Is Hadoop 2019 still in demand

DataWorks Summit Europe 2019: Enterprise Data Cloud as a vision

"In about six months, the joint platform from Hortonworks and Cloudera should be available for use in the public cloud," announced Wolfgang Huber, Cloudera's Senior Regional Sales Director in Central Europe, at the DataWorks Summit Europe 2019 in Barcelona. Initially, the Cloudera Data Platform (CDP) will be available on Amazon Web Services and Microsoft Azure, followed a little later by Google Cloud Platform (GCP) and the IBM Cloud. "We support the IBM Cloud primarily because Hortonworks and IBM have a close partnership," added Huber.
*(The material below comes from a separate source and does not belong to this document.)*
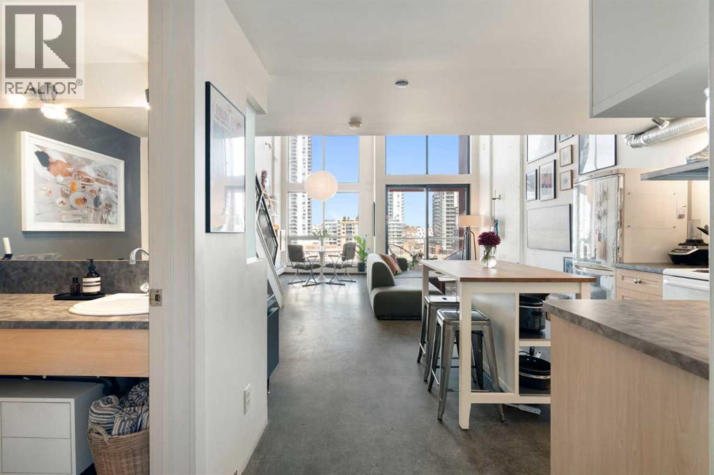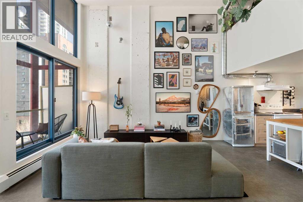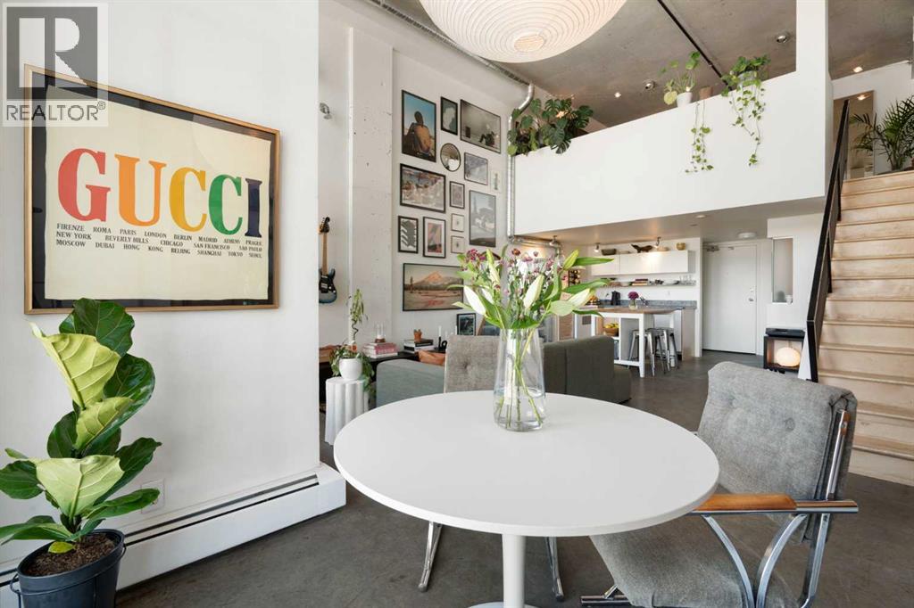 Welcome to a truly distinctive New York–inspired loft in the heart of Calgary, where industrial design meets modern versatility. Defined by soaring 16-foot ceilings and dramatic floor-to-ceiling north-facing windows, this one-of-a-kind space is flooded with consistent natural light while maintaining a comfortable, even temperature year-round. The open-concept layout is both striking and functional, offering a seamless blend of living, dining, and workspace zones. Polished concrete floors anchor the main level with an urban edge, while warm wood accents on the upper level and stairs add balance and character. Exposed mechanical elements and clean architectural lines create an authentic loft aesthetic rarely found in the city—an ideal backdrop for those who appreciate design, creativity, and flexibility in how they live and work. With zoning that supports both residential and commercial use, this property opens the door to a range of possibilities—from a stylish home base to a live/work studio or boutique office. It’s a space that adapts as your lifestyle evolves. Set within a quiet, pet-friendly, boutique building, residents enjoy a strong sense of community paired with rare inner-city tranquility. Amenities include a rooftop patio with gas BBQ hookups and skyline views, a landscaped courtyard, and a versatile common room with future fitness potential. A heated underground parkade adds everyday convenience, while condo fees that include heat, water, and electricity offer exceptional value and simplicity. A no short-term rental policy further reinforces the building’s peaceful, residential feel. Ideally located, this home offers immediate access to major roadways, making commuting simple and efficient. You’re just minutes from the Bow and Elbow rivers, extensive walking and biking pathways, and some of Calgary’s most vibrant neighborhoods, including Inglewood and Victoria Park. Enjoy close proximity to local cafes, restaurants, and nightlife, as well as the iconic St ampede Grounds. With transit located right outside your door, this is truly a connected and convenient urban lifestyle. Positioned in an area experiencing significant growth and revitalization, this property also presents a compelling investment opportunity, with future development and the new Scotiabank Saddledome project expected to further enhance long-term value. More than just a condo, this is a statement space, offering a rare combination of design, location, lifestyle, and community. (id:51989)

Customers will only be able to use CDP on premises in a private cloud in the second half of the year. There should be one or two updates per month.
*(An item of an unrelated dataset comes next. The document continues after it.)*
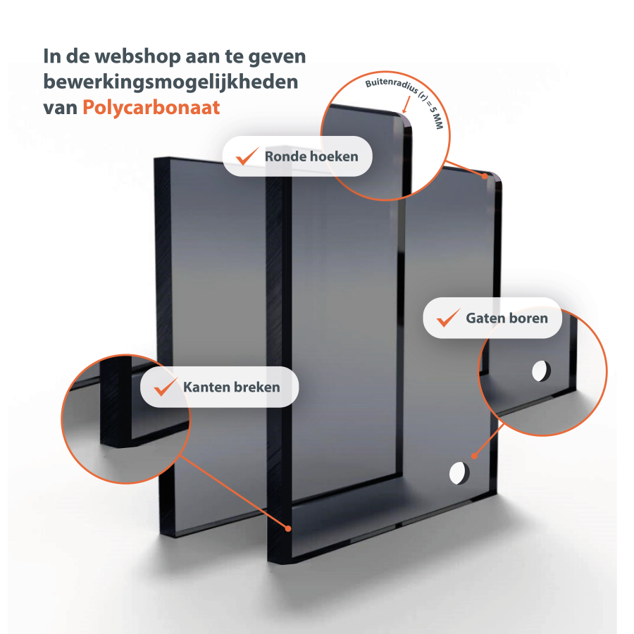 Polycarbonatplatten sind extrem schlagfest, bis zu 250-mal stärker als Glas, und nahezu unzerbrechlich. Sie bieten eine hohe Lichtdurchlässigkeit, lassen sich leicht bearbeiten (bohren, sägen, fräsen) und sind ideal geeignet für Maschinenschutzverkleidungen, Verglasungen und Überdachungen.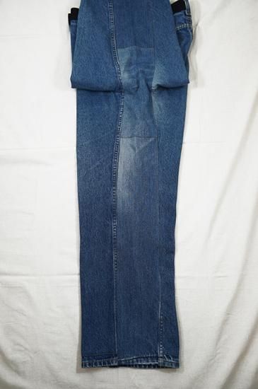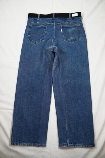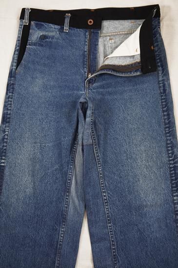 USEDのデニムパンツを解体し再構築。腰周りベルト位置の生地をサイドラインに移植、腰周りとポケット口にブラックの刺し子デニムを配置。通常のデニム5ポケットをスラッシュポケットに縫い直し4ポケットにしています。股部分に濃色のデニム生地を足しワイドパンツにシルエット変更。刺し子生地も洗いと穿き込むと色落ちが楽しめます。

Cloudera and Hortonworks merge

After the merger, which was sealed at the beginning of the year, the new Cloudera Data Platform CDP merges the Cloudera Distribution of Hadoop (CDH) and the Hortonworks Data Platform HDP. CDP consists of 32 components, including the Data Science Workbench, Cloudera Data Warehouse and Cloudera DataFlow. The CDP includes analysis functions such as data flow as well as data engineering, data warehouse, operational database and machine learning. It also provides a common level for identity, orchestration, management, and operations.

Huber cites the reason for the merger, which has apparently been discussed for three and a half years, that "Cloudera and Hortonworks have a code base that is 70 percent identical. Therefore, they fit together perfectly and complement each other with the rest." The customers often asked for a supplement from the other distribution. Cloudera's unique selling point in its CDH is in the field of AI, namely in the form of the Data Science Workbench (DSW). As a portal, it supports classic IT using a Hadoop data lake on the one hand, and developers and their collaboration on the other. In 2018, Hortonworks strengthened its governance and admin skills, but also expanded the use of IoT and edge computing.
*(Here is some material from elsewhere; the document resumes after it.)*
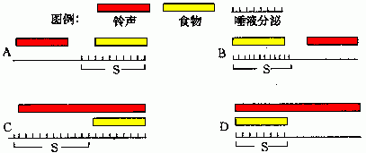 解析:这是1991年高考试题。建立条件反射时,是让无关刺激(铃声)与非条件刺激(食物)多次结合,最后形成对铃声发生唾液分泌的条件反射,此时的铃声称为条件刺激。A图给铃声不分泌唾液,给食物才分泌唾液,说明铃声还不是食物的信号,是与唾液分泌无关的无关刺激,所以A图S段的唾液分泌还是非条件反射。B图先给食物,出现唾液分泌,然后停止喂食只给铃声,则不分泌唾液。说明条件反射并未建立,铃声仍为无关刺激。所以B图S段的唾液分泌是非条件反射。D图铃声和食物同时出现,则分泌唾液,单独给铃声时,则不分泌唾液,说明条件反射未建立,所以D图S段的唾液分泌也不是条件反射。C图出现铃声就分泌唾液,铃声已成为条件刺激,所以C图S段的唾液分泌属于条件反射。

The balance sheet is also positive on the business side: "Both companies," continues Huber, "have the same target clientele, so that the merger represents a doubling of the customer base and sales capacity." Therefore, January 3, 2019, when the merger came into force, marked the start of up- and cross-selling in joint sales. Cloudera has over 2000 enterprise customers worldwide. With this clientele, the new company wants to continue to grow and gain new customers. At least for the time being, nothing should change in the existing contracts.

Companies lack data maturity

For Hadoop developers, this could mean a significant expansion of their market. Because according to a Gartner study, Hadoop-based analytics are only just beginning to mature. "According to Gartner, more than 87 percent of companies do not yet have data maturity," says Huber. Although the companies collected large amounts of data in data lakes, they needed models to train them with the data - for example, to be able to implement autonomous driving. A security framework from Cloudera called Shared Data Experience (SDX) should ensure the necessary data security.

Since both companies use open source software, the open source developer community plays a major role, explained Huber. The distributions with their numerous components have corresponding APIs that the community can use. "For us: API first. Cloudera will provide corresponding connectors for many partners," said Vikram Makhija, Vice President and General Manager Cloud at Cloudera. "We support agile development with an API for every CI / CD toolchain." In fact, developers can integrate CDP components such as Cloudera DataFlow into their environments via API.